[Work instruction] Leave the pictures in the listing below aside and reproduce exactly the lines starting with the one with "lat latarnie gazowe." and going on through the one with "1月11日 田尻学区新春顔合わせ会", both ends included.

[Source data — start]

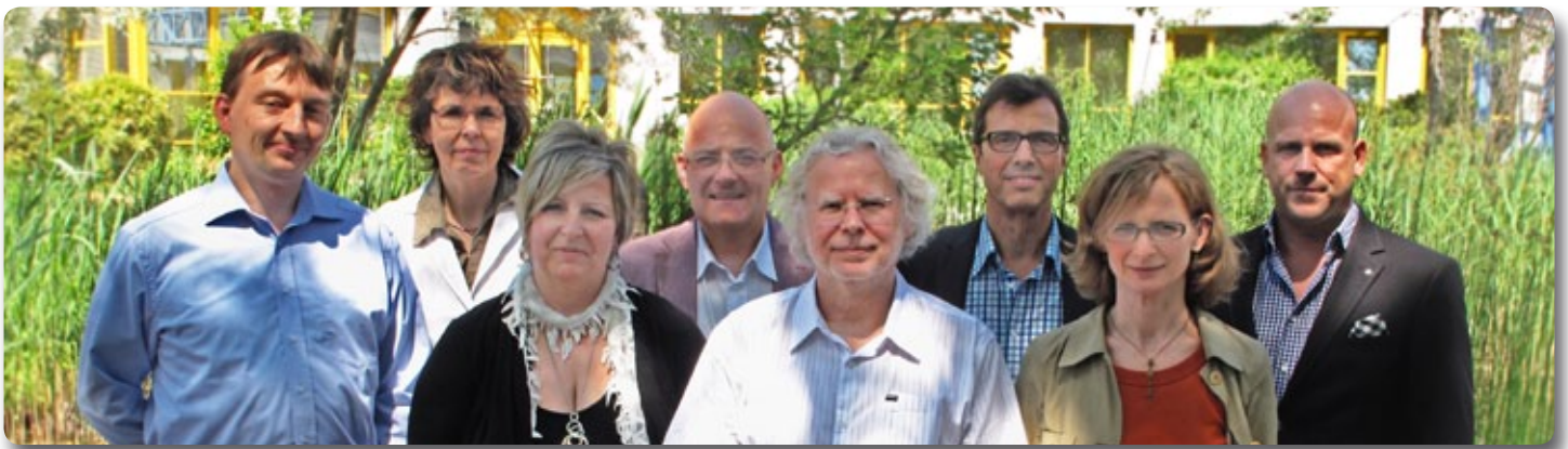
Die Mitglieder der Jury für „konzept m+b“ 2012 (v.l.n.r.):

[Source data — finish]
[Source data — start]

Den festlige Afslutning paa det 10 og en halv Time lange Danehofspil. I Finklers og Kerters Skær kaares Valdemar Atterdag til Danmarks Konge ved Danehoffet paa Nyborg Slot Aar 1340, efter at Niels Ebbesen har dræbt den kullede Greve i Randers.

[Source data — finish]
[Source data — start]

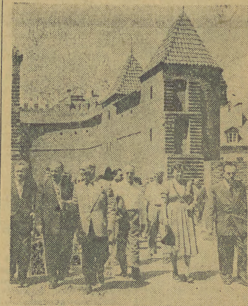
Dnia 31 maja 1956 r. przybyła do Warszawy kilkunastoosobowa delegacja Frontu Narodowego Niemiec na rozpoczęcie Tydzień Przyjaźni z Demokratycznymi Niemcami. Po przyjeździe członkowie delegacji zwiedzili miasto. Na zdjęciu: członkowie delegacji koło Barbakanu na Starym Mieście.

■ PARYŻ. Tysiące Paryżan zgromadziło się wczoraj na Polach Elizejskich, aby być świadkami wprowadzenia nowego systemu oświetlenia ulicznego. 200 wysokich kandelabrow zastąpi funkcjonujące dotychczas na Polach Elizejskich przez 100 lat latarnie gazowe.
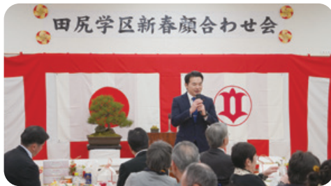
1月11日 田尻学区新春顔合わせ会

[Source data — finish]

[Problem solution]
■ PARYŻ. Tysiące Paryżan zgromadziło się wczoraj na Polach Elizejskich, aby być świadkami wprowadzenia nowego systemu oświetlenia ulicznego. 200 wysokich kandelabrow zastąpi funkcjonujące dotychczas na Polach Elizejskich przez 100 lat latarnie gazowe.
1月11日 田尻学区新春顔合わせ会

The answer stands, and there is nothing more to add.